Я шел к метро. Уже стемнело. Падал снег, и москвичи проносились мимо меня, легкие и деловитые. Изящная обувь блестела под фонарями, вделанными в ограду «Эрмитажа». На решетках разместили фотовыставку МВД «Из жизни полиции» или что-то в этом роде. На фотографиях полицейские занимались разными делами: дрались, стреляли, ездили наперегонки на мотоциклах, танцевали бальные танцы, участвовали в конкурсах красоты, целовали детей и просто улыбались.
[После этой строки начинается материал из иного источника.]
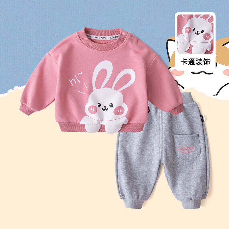 ¥111.3 嘟嘟家宝宝套装秋冬婴儿冬装男童衣服两件套冬季儿童童装女童wp 粉色兔子+灰色裤子 73 111.8

Всем своим видом они давали понять: «Мы такие же, как и вы, честное слово!».
Я смотрел на эти добродушные и безмятежные лица полицейских на фотографиях, и вспоминал такие же безмятежные и добродушные лица шаламовских однокурсников, вспоминал его каменные губы и глаза и думал, что, в общем, фотографии не лгут.

Павел Миронов

1 Пеллагра - заболевание, вызванное недостатком в организме никотиновой кислоты и витаминов группы В, характеризующееся поражением кожи, пищеварительного тракта и нервной системы. Примерно до 1942 г. в отчетной документации санитарного отдела ГУЛАГа о заболеваемости и актах о смерти лагерников старались избегать слова «дистрофия» в диагнозах. Традиционно использовали аббревиатуру РФИ (резкое физическое истощение), пеллагра (как некий общий синоним, хотя формально пеллагра - это авитаминоз, вызываемый голодом), сердечная недостаточность. Диагноз «истощение» как основная причина смертности заключенных использовался еще до начала Великой Отечественной войны по специальному приказанию Наседкина (начальник ГУЛАГ НКВД (1941-1947). - Примеч. «30 октября»), но, как правило, в совершенно секретном внутреннем документообороте, в общегражданскую регистрацию он не попадал.
Варлам Шаламов «Как все началось», 1964 г.: «Врачи боялись написать в диагнозах истинную причину смерти. Появились «полиавитаминозы», «пеллагра», «дизентерия», «РФИ» - почти «Загадка Н.Ф.И.», как у Андроникова. Здесь РФИ - «резкое физическое истощение», шаг к правде. Но такие диагнозы ставили только смелые врачи, не заключенные. Формула «алиментарная дистрофия» произнесена колымскими врачами много позже - уже после ленинградской блокады, во время войны, когда сочли возможным хоть и по-латыни, но назвать истинную причину смерти». - Примеч. «30 октября».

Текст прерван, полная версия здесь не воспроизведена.